Заплывшие глазки Склописа остановились на Эмили, раскрасневшейся и горячо аплодирующей. Он подарил ей, ей одной, усталую улыбку. Завтра, подумал он, к нему придет письмо, подписанное «Ваша Поклонница из третьего ряда». На вид она была лакомый кусочек. Он снова улыбнулся, чтобы подбодрить ее. Эмили — увы! — даже не заметила этого. Она аплодировала музыке.
— Вам понравилось? — спросил Гамбрил, когда они вышли на пустынную Бонд-стрит.
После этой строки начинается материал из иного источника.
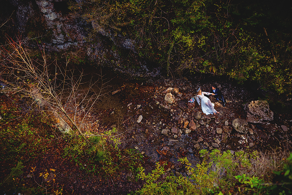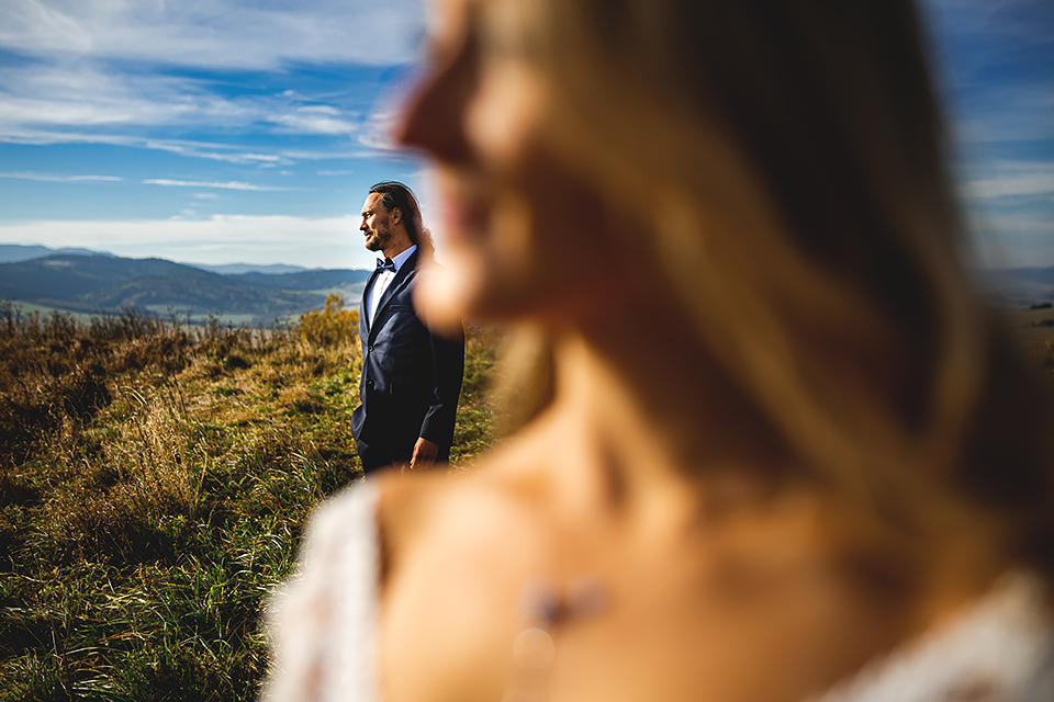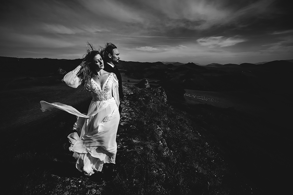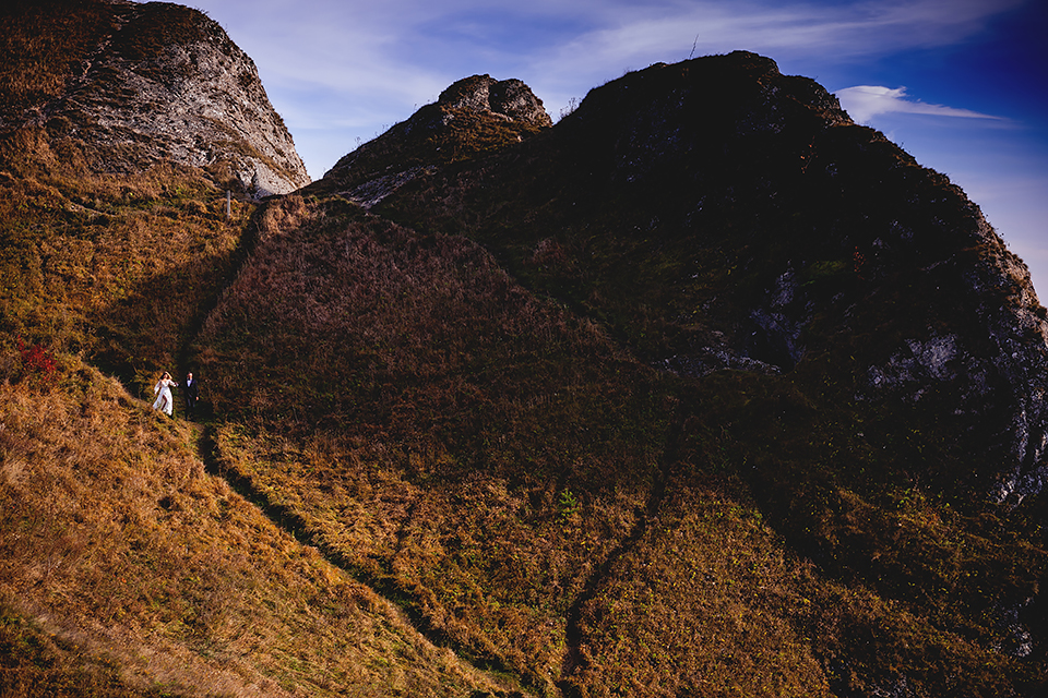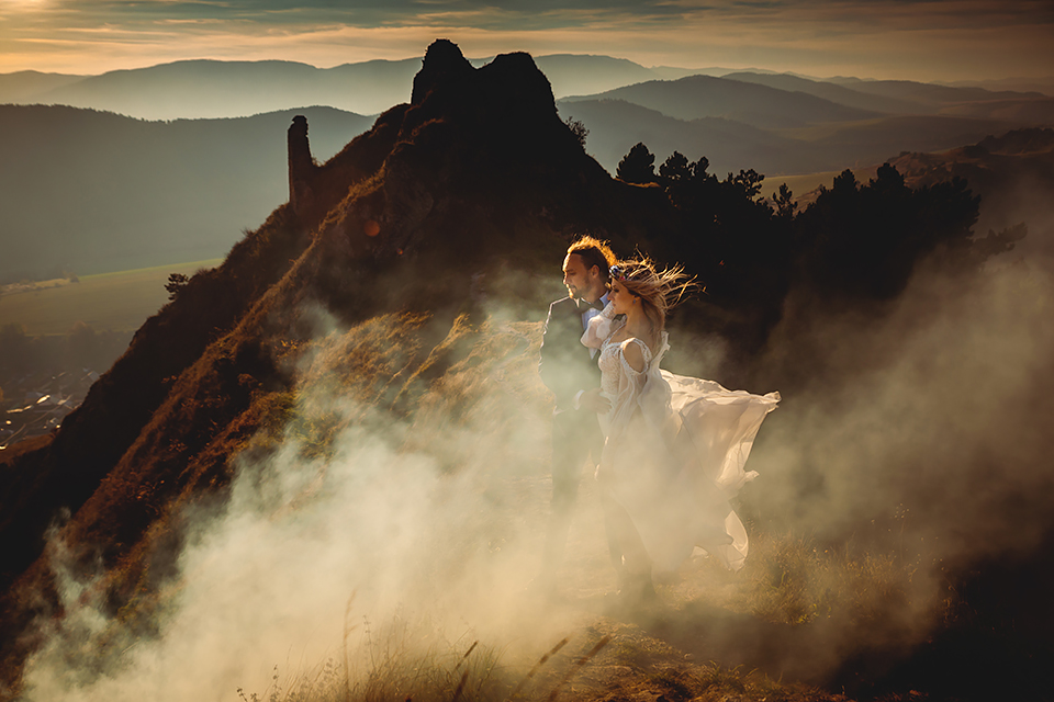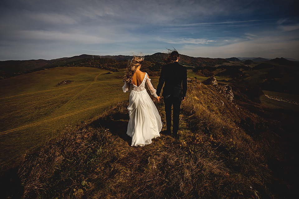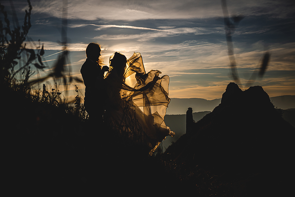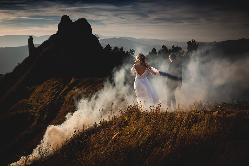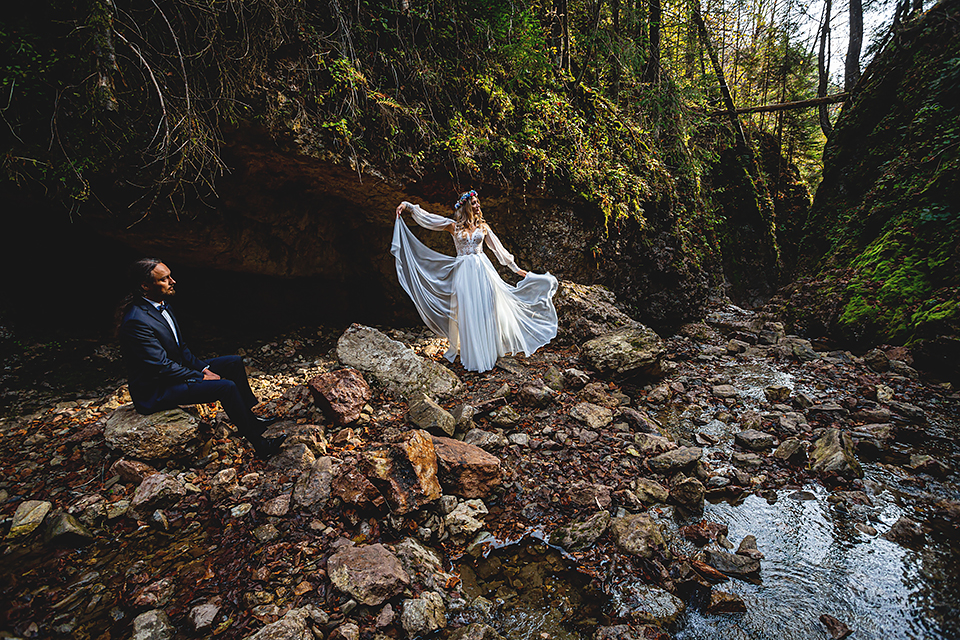 1. Słowacja to niezwykle piękna kraina. Wystarczy wsiąść w auto i co chwilę można zatrzymywać się podziwiając niesamowite miejsca. Na Słowacji robiłem już sporo sesji ślubnych, ale za każdym razem jest to coś wyjątkowego. Zazwyczaj miejsca wybieram osobiście, ale tutaj było łatwiej;) Ponieważ M&M bardzo często podróżują u naszych południowych sąsiadów i poznali już wiele znakomitych zakątków. Wybór nie był łatwy, ale padło na miejsca mniej znane, ukryte przed tłumem turystów a tym bardziej przed Parami Młodymi :)I tak podążyliśmy szlakiem wąwozów, skał i zamków… których tutaj nie brakuje. Bardzo mocny wiatr nie ułatwiał sprawy, ale czasem też pomagał. Mogłem uzyskać bardzo ciekawe i zwiewne efekty. Od razu wyjaśniam, że zdjęcia „z góry” w wąwozie nie są robione z drona. Strome ścieżki pozwalają uzyskać ciekawe efekty „z lotu ptaka”… Koncepcja sesji miała zawierać element drogi, szerokie widoki z elementem „ludzkim”, uczucie:) oraz świece dymne.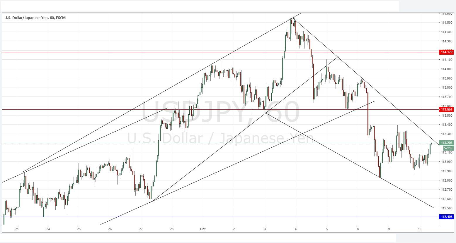 I wrote yesterday that the bearish trend line shown in the price chart below was confluent with a generally resistant area above 113.40 and this area was likely to be pivotal: failures there might have provided nice short trade entries. In a way, this wasn’t a bad call as the price never managed to get above 113.32. The price is rising now after a period of consolidation, and is not far from the bearish trend line, so it may well find it hard to rise much further. I think that much will depend upon the U.S. stock market at the New York open later today. If we see another sell-off which gathers pace, the Japanese Yen is usually a safe-haven destination upon stock sell-offs, so we may be setting up for a downwards movement.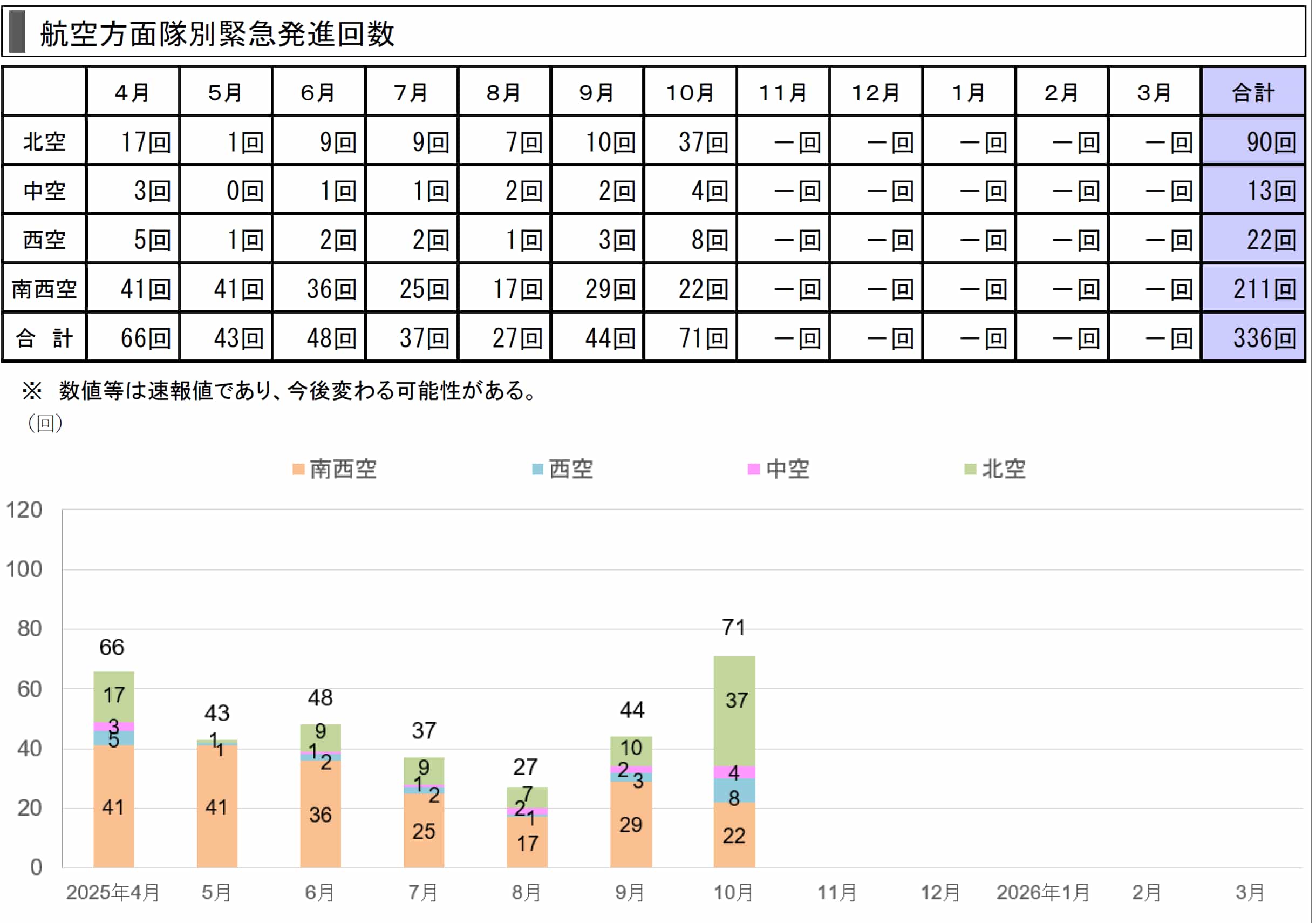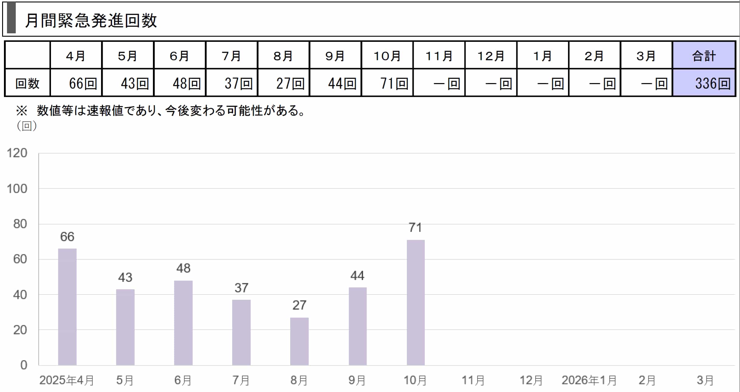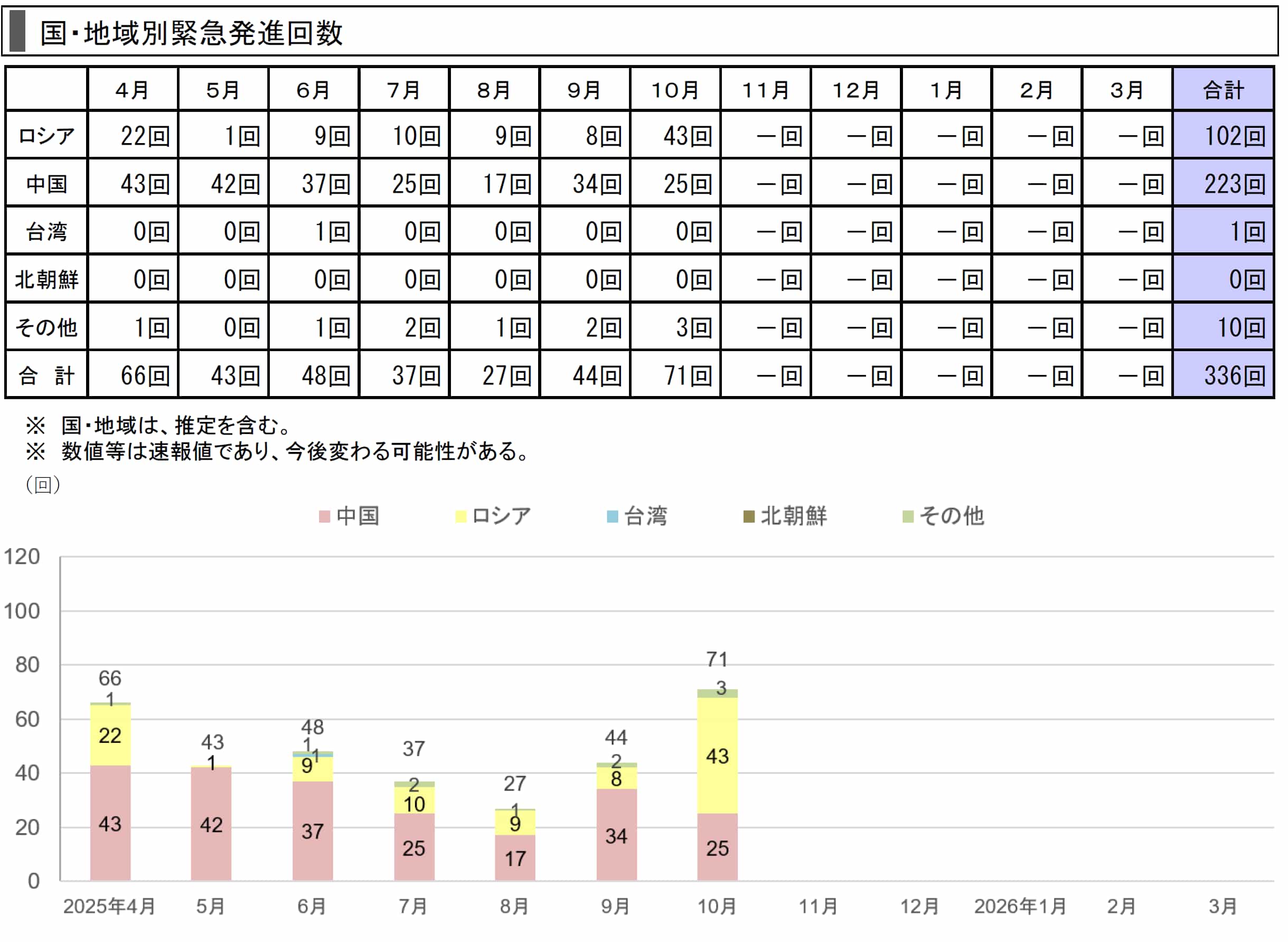 防衛省 統合幕僚監部は令和7(2025)年11月14日(金)、令和7(2025)年度における緊急発進実施状況として、同年10月31日現在の月間緊急発進状況を公表した。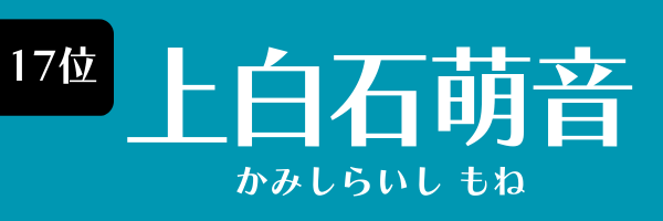 16位と17位には上白石姉妹が揃ってランクイン。17位は姉の上白石萌音です。1998年1月27日生まれ、鹿児島県出身。2021年にはNHK朝ドラ『カムカムエヴリバディ』でヒロインのひとりを演じました。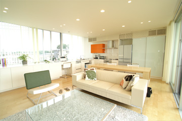 | 【新築物件リビングルーム】 AV機器は全て右カウンターの中に全て隠しました。(遠隔受光システムでリモコン操作可能です) フロントスピーカーは天井に埋め込みました。 |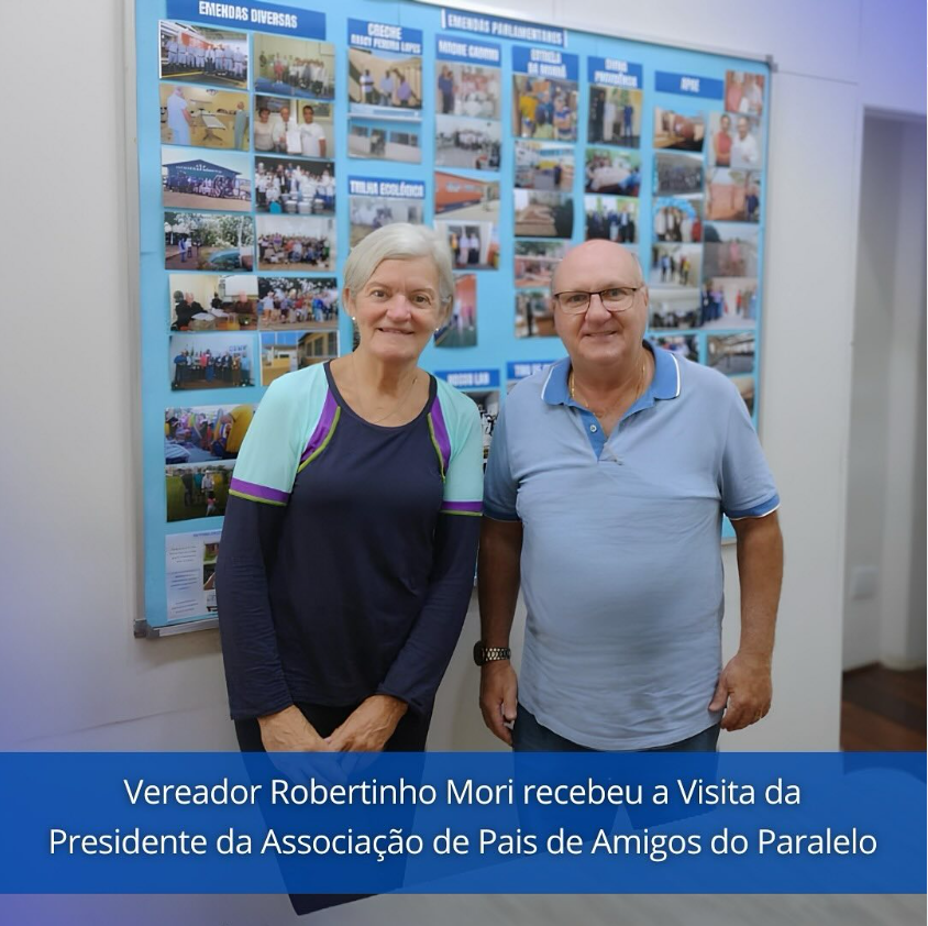 Na manhã de hoje, o Vereador Robertinho Mori, recebeu em seu gabinete a Presidente da Associação de Pais e Amigos do Paralelo – Elizabethe de Silva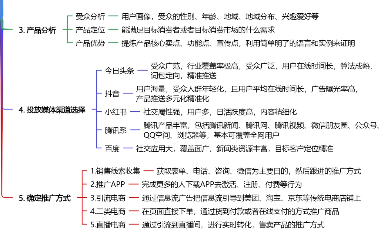 1、 什么是信息流广告 信息流广告,也称为原生广告,与正常社交媒体内容一样穿插内容流 2、 初步研究 通过收集用户标签和产品定位,建立用户档案,并根据不同类型的行为用户选择不同的受众导向,制定相应的广告策略 研究方向: 1.广告渠道及推广策略 2.平台推广预算及费用 3.转换目标是什么 4.你是否投资于应用程序下载、表格或支付 5.宣传材料类型:图片、视频 6.素材内容:口述、情景剧、动画效果、产品使用演示等 7.有线索的后续转化路径和用户管理策略 3、 产品分析 1.受众分析:用户简介、受众性别、年龄、地区、地域分布、兴趣爱好等 2.产品定位:目标消费者或目标消费市场能够满足哪些需求 3.产品优势:提取产品的核心卖点、功能点和促销点,并用简单明了的语言和例子加以证明 4、 广告媒体渠道选择 1.今日头条 受众广、行业覆盖率极高、受众广、用户在线时间长、算法成熟、有针对性的文字包、精准的推送通知 2.抖音 庞大的用户群,年轻化的受众,平均在线时间长,高广告曝光率,多元化精准的产品推广 3.小红书 社交属性强,用户多,日活跃度高,内容精细 4.腾讯系列 腾讯的产品种类繁多,包括腾讯新闻、腾讯。com、腾讯视频、微信朋友圈、公众号、QQ空间、浏览器等,基本可以覆盖全网用户 5.百度 社交应用量大、覆盖面广、新闻资源丰富、目标客户定位精准 5、 确定推广方式 1.收集销售线索 主要目的是获取表格、电话、咨询和微信,然后跟进促销方法 2.推广APP 完成更多人下载应用程序以激活、注册、支付和其他行为 3.吸引电子商务 通过信息流广告引导信息流向美团、淘宝、京东等传统电商 4.二等电子商务 直接在页面上下单,并通过货到付款或在线支付推广产品 5.直播电商 通过吸引流量到直播间进行实时转换来销售产品的促销方法
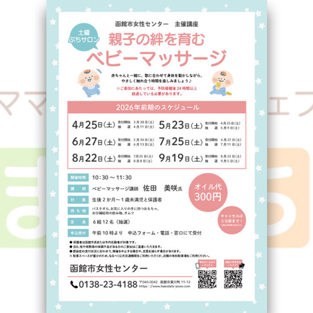 【函館市女性センター】親子の絆を育むベビーマッサージ(4月)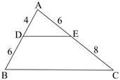 For DE to be parallel to BC, AD:AB must be equal to AE:AC. Here 4:10 ≠ 6:14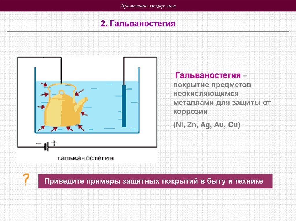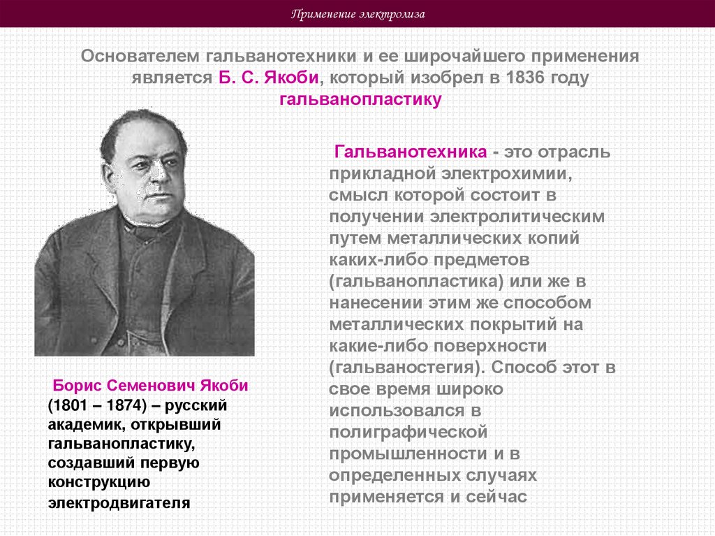 Применение электролизаОснователем гальванотехники и ее широчайшего применения

— Понравилось? — Эмили выразительно рассмеялась. — Нет, не понравилось, — сказала она. — Это не то слово. Понравиться может мороженое. Я стала счастливой. В музыке было несчастие, но она сделала меня счастливой.
Гамбрил подозвал кеб и дал адрес своей квартирки на Грет-Рассел-стрит.
— Счастливой, — повторил он, когда они уселись бок о бок в темном экипаже. Он тоже был счастлив.
— Куда мы едем? — спросила она.
— Ко мне, — сказал Гамбрил, — там нам будет спокойно. — Он боялся, как бы она не отказалась ехать к нему — после вчерашнего. Но она не сказала ни слова.
— Некоторые думают, что счастливым можно быть только тогда, когда делаешь шум, — сказала она после небольшой паузы. — А по-моему, счастье слишком хрупко и меланхолично для шума. Счастье, оно меланхолично, как прекраснейший пейзаж, как те деревья, и трава, и облака, и солнце сегодня.
— Со стороны, — сказал Гамбрил, — оно кажется даже скучным.
Они, спотыкаясь, поднялись по темной лестнице к нему в квартиру. Гамбрил зажег две свечи и поставил чайник на газовую горелку. Они сидели вместе на диване, попивая чай. В ярком, мягком свете свечей она казалась иной, более прекрасной. Шелк ее платья казался удивительно ярким и блестящим, как лепестки тюльпана, и по ее лицу, по ее обнаженным рукам и шее свет, казалось, рассыпал тончайшую золотистую пыльцу. На стене позади них тени бежали к потолку, огромные и густо-черные.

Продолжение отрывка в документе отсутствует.